Festival 2010 NL

Poet

Ken Babstock 1970-...

country: Canada
language: English
Ken Babstock is one of the most prominent young Canadian poets to begin publishing in the 1990s. He was born in Newfoundland and raised in the Ottawa Valley. He began publishing his poems in journals and anthologies, winning gold at the 1997 National Magazine Awards. His first collection, Mean, (1999) won him the Milton Acorn Award and the Atlantic Poetry Prize. He has since published a second collection, Days into Flatspin, which has also come in for high critical praise.
Ken Babstock worked as Poetry Faculty at the Banff Centre for the Arts and currently lives in Toronto.
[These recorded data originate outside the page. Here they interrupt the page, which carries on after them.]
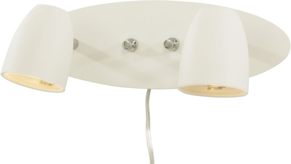 Dubbelspotlight i vit metall. Strömbrytare på plattan. Monteras lätt på plats.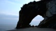 Rear view of man walking towards famous Tusan Cliff Sarawak. Full length of male tourist is looking at natural rocky arch. He is enjoying vacation at beach also known as Horse rock in Miri.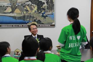 お揃いの活動Tシャツを着て、区公式マスコットほどぴーのグッズ案や保土ケ谷区への想いを区長に直接届けました。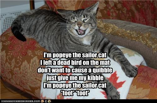 I'm popeye the sailor cat I left a dead bird on the mat don't want to cause a quibble just give me my kibble I'm popeye the sailor cat *toot* *toot*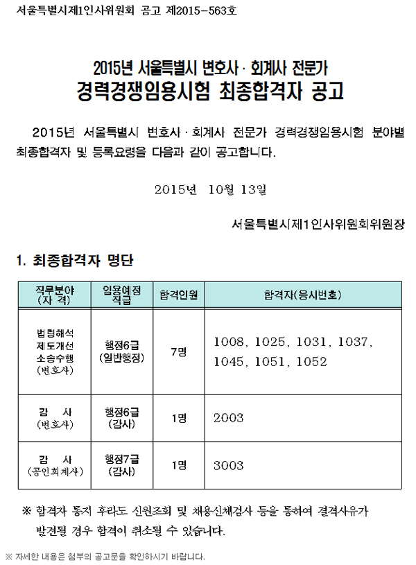 최종합격자 - 2015년 서울특별시 변호사 ? 회계사 전문가 경력경쟁임용시험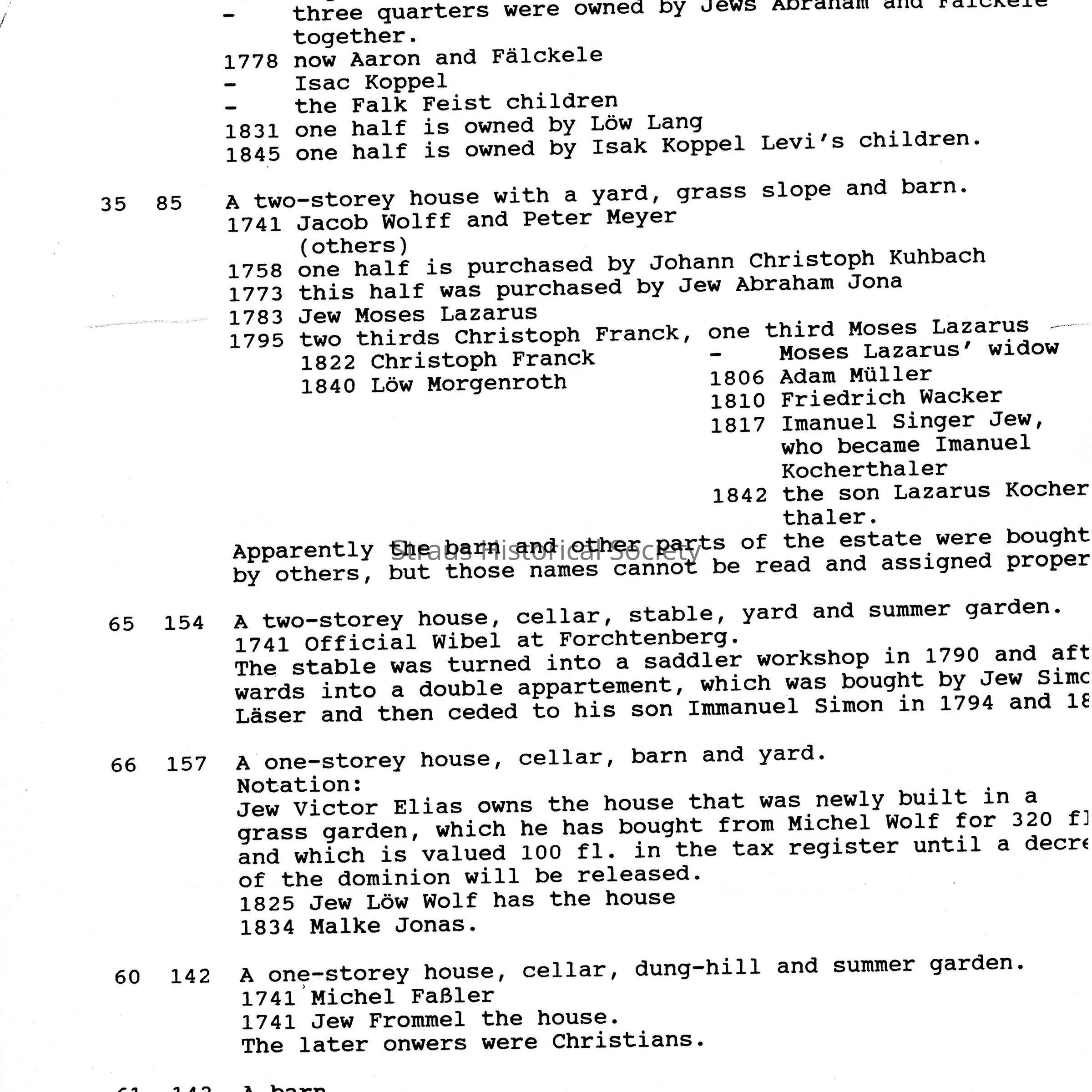 Land and tax register of the district of Ernsbach, 1741-1848. People named are: Jona Jew, Jew Wolf Herz Abraham, Jew Abraham Jonas, Jew Immanuel Abraham, Abraham unmarried, Simon Oppenheimer, Laiser Jew, Jew Schimmel, Jew Izig, Läzer Simon Rosenthal, Anschel Isaac, Abraham Lazarus Rosenthaler, Izig Jew, Moses Hirsch, Samuel Koppel, Mose Rosenthal, Kilian Wolf, Jew Isaac, Jew Mam, Jew Isaac Marum, son Marum Isaac Strauss, Michael Keydel, Schmlen Jew, Aaron and Fälckele, Fak Feist, Löw Lang, Isak Koppel Levi's children, Jacob Wolff, Peter Meyer, Jew Abraham Jona, Johann Christoph Kuhbach, Jew Moses Lazarus, Christoph Franck, Löw Morgenroth, one third Moses Lazarus's widow, Friedrich Wacker, Adam Müller, Imanuel Singer Jew who became Imanuel Kocherthaler, the son of Lazarus Kocherthaler, Jew Simon Läser, son Immanuel Siomn, Jew Victor Elias, Michel Wolf, Jew Löw Wolf, Malke Jonas, Michel Fassler, Jew Frommel, Michel Renck, Chrisoph Weinman,

If some poets could be said to be painters with language, Babstock would best be termed a carpenter. Even literally so, because several of Mean’s best poems are about building decks, applying Spackle or framing houses. Babstock hammers in similes and metaphors: a flapping tent is ‘a lung on a ledge’, the sun is ‘a loonie in a busker’s fez’, prairie dogs are ‘nervous clerics at prayer’.
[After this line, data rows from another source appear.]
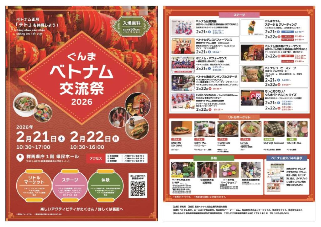 ベトナムのお正月「テト」をお祝いしながらベトナムの食や文化を体験できるイベント『ぐんまベトナム交流祭2026~ベトナム正月「テト」を体感しよう!~』を開催します。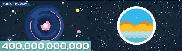 所以,我们把注意力放在银河系上。银河系是我们的家园,它包含了多达4千亿颗恒星。整个可观测宇宙的恒星数量之多,大约是地球上的每一粒沙子可以对应其中的一万颗恒星。
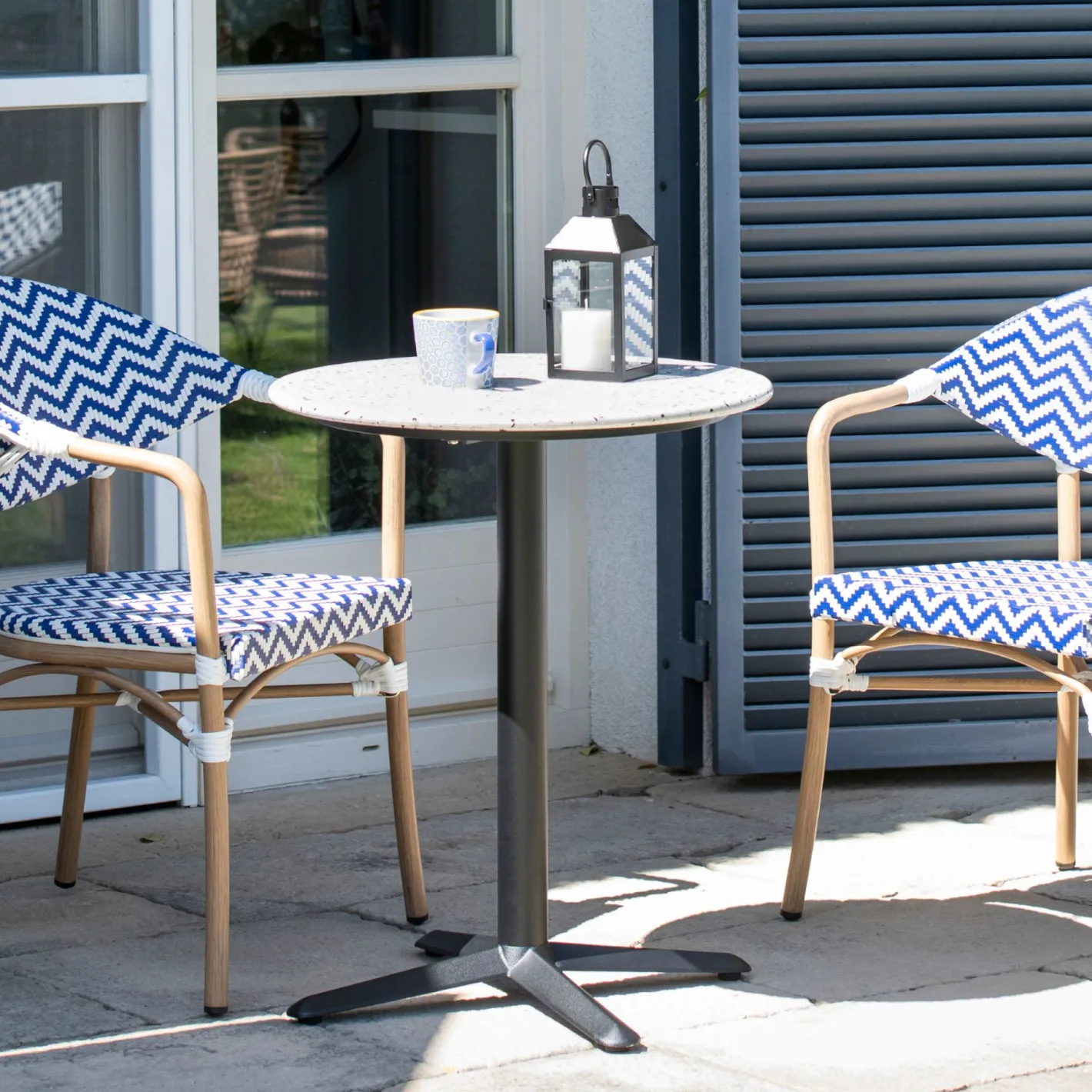 Formato práctico: Tamaño ideal para espacios exteriores pequeños o como mesa auxiliar.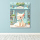 Fluffy Kitten with Blue Bow at Pastry Shop Canvas Print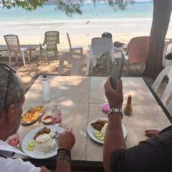 Unser Ziel war die große Krabbe, das Wahrzeichen von Keb. Dazu ging es am Meer entlang. Überall gibt es Picknickplätze, die man mieten kann. Wird von den Kambodschanern rege genutzt. VorzugsweiseBaca selengkapnya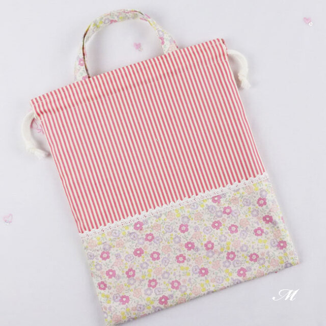入園グッズ・入学グッズ(ハンドメイド)持ち手付き巾着袋【M】(体操服入れ お着替え袋)30×25cm女の子 小花ピンク リバティ風とお揃いの可愛いセット商品(裏付)です。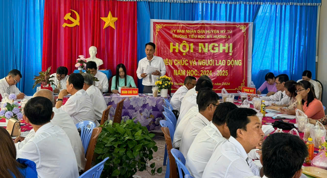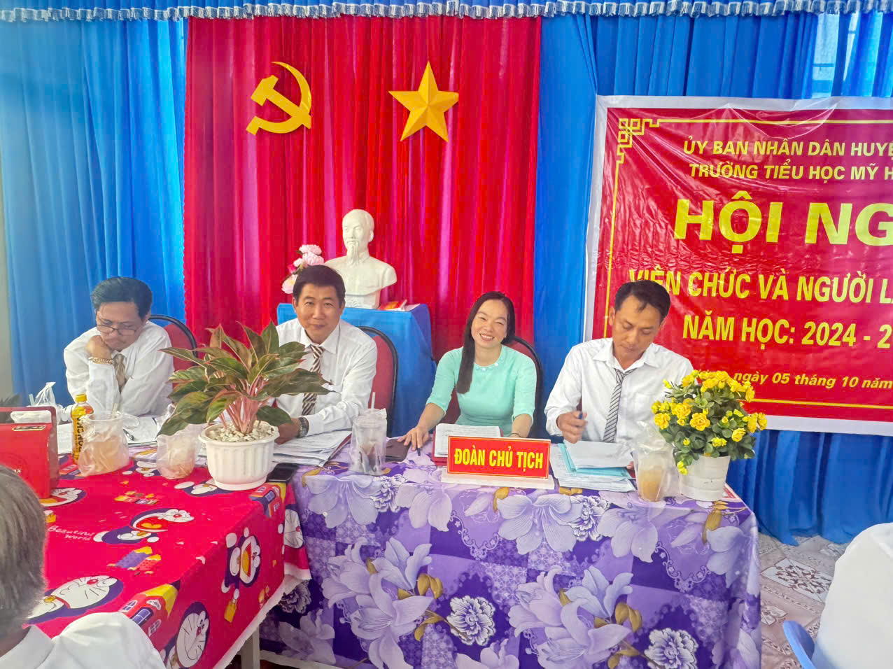 ✍ Vào lúc 7 giờ 30 phút, ngày 05/10/2024, trường TH Mỹ Hương A long trọng tổ chức Hội nghị viên chức và người lao động năm học 2024 – 2025. Hội nghị diễn ra tại Phòng họp hội đồng với sự tham dự đầy đủ của toàn thể cán bộ, công chức, viên chức và người lao động trong nhà trường.

As for Babstock’s style, he says his main principle is compression. ‘I have a hard time allowing a line to drift towards prose. Or to speak in a toned-down, conversational voice. There have been fantastic poems written in that voice, but I’m more drawn toward compression and the kind of clanging of consonants and vowels that I fell in love with from reading poets that I like.’ Among the poets he likes are his Canadian contemporaries and some classics, especially Dante and Shakespeare.
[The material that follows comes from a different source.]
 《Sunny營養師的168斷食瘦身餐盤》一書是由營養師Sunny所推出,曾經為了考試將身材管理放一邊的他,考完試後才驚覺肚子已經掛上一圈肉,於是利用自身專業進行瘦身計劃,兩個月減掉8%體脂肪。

Babstock mostlly writes free verse, though he occasionally employs more traditional forms: sonnet, terza rime, quatrains (rhymed and unrhymed), tercets and couplets.


Author: Ko Kooman
Translated by Ko Kooman
Ken Babstock (Canada, 1970) was born in Newfoundland and grew up in the Ottawa Valley. He has taught at the Banff Centre for the Arts, and currently lives in Toronto. He has published two collections of poems, both of which have won high critical praise for their original tone, power of observation and virtuoso use of language. Babstock is seen as one of the most powerful new voices in Canadian poetry.